[[ RAW DATA, beginning ]]
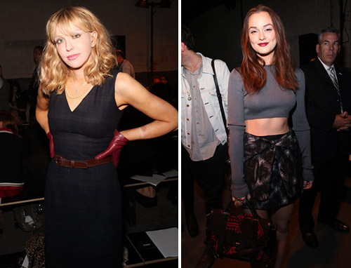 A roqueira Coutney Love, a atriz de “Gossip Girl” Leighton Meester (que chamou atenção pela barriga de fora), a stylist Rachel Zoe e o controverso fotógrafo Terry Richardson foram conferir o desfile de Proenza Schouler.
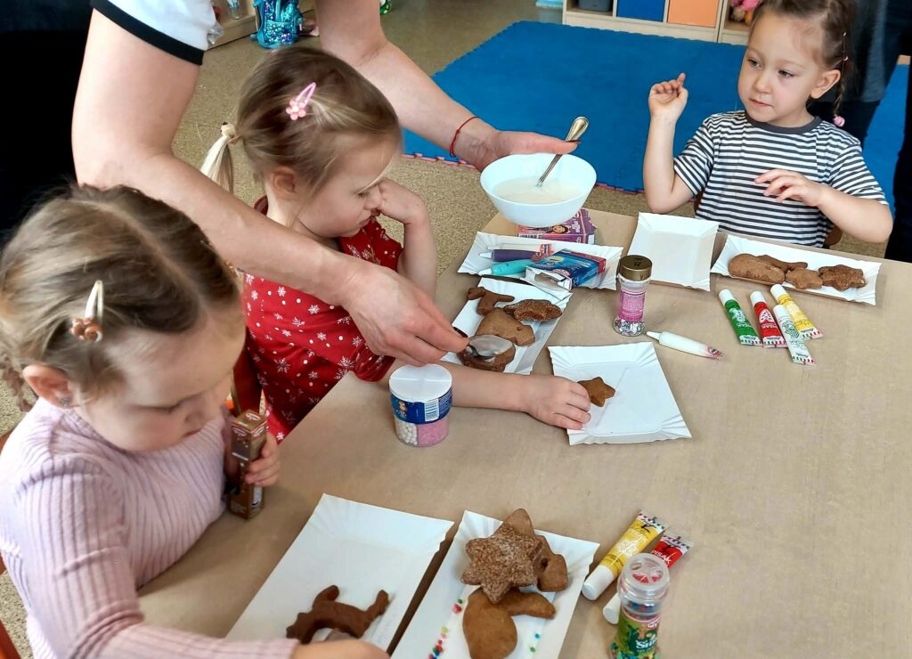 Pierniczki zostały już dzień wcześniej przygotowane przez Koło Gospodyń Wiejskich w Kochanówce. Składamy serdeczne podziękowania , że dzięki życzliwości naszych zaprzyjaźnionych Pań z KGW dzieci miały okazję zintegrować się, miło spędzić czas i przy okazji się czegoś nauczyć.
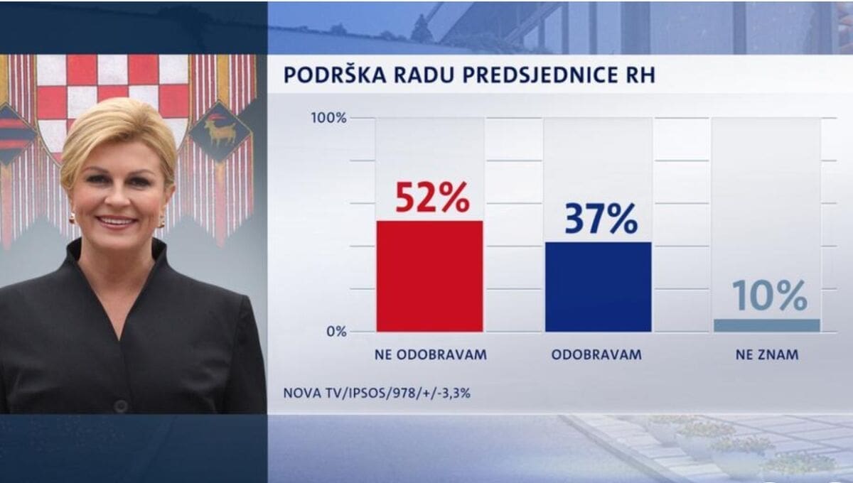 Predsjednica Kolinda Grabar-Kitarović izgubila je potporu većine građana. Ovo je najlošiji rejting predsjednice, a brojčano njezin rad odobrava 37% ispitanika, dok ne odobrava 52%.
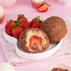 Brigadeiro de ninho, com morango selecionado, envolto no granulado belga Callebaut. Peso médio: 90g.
[[ RAW DATA, end ]]
* [EXERCISE BRIEF]
Only the pictures in the listing above get left out; print everything else exactly.

* [ANSWER FOR THIS EXERCISE]
 A roqueira Coutney Love, a atriz de “Gossip Girl” Leighton Meester (que chamou atenção pela barriga de fora), a stylist Rachel Zoe e o controverso fotógrafo Terry Richardson foram conferir o desfile de Proenza Schouler.
 Pierniczki zostały już dzień wcześniej przygotowane przez Koło Gospodyń Wiejskich w Kochanówce. Składamy serdeczne podziękowania , że dzięki życzliwości naszych zaprzyjaźnionych Pań z KGW dzieci miały okazję zintegrować się, miło spędzić czas i przy okazji się czegoś nauczyć.
 Predsjednica Kolinda Grabar-Kitarović izgubila je potporu većine građana. Ovo je najlošiji rejting predsjednice, a brojčano njezin rad odobrava 37% ispitanika, dok ne odobrava 52%.
 Brigadeiro de ninho, com morango selecionado, envolto no granulado belga Callebaut. Peso médio: 90g.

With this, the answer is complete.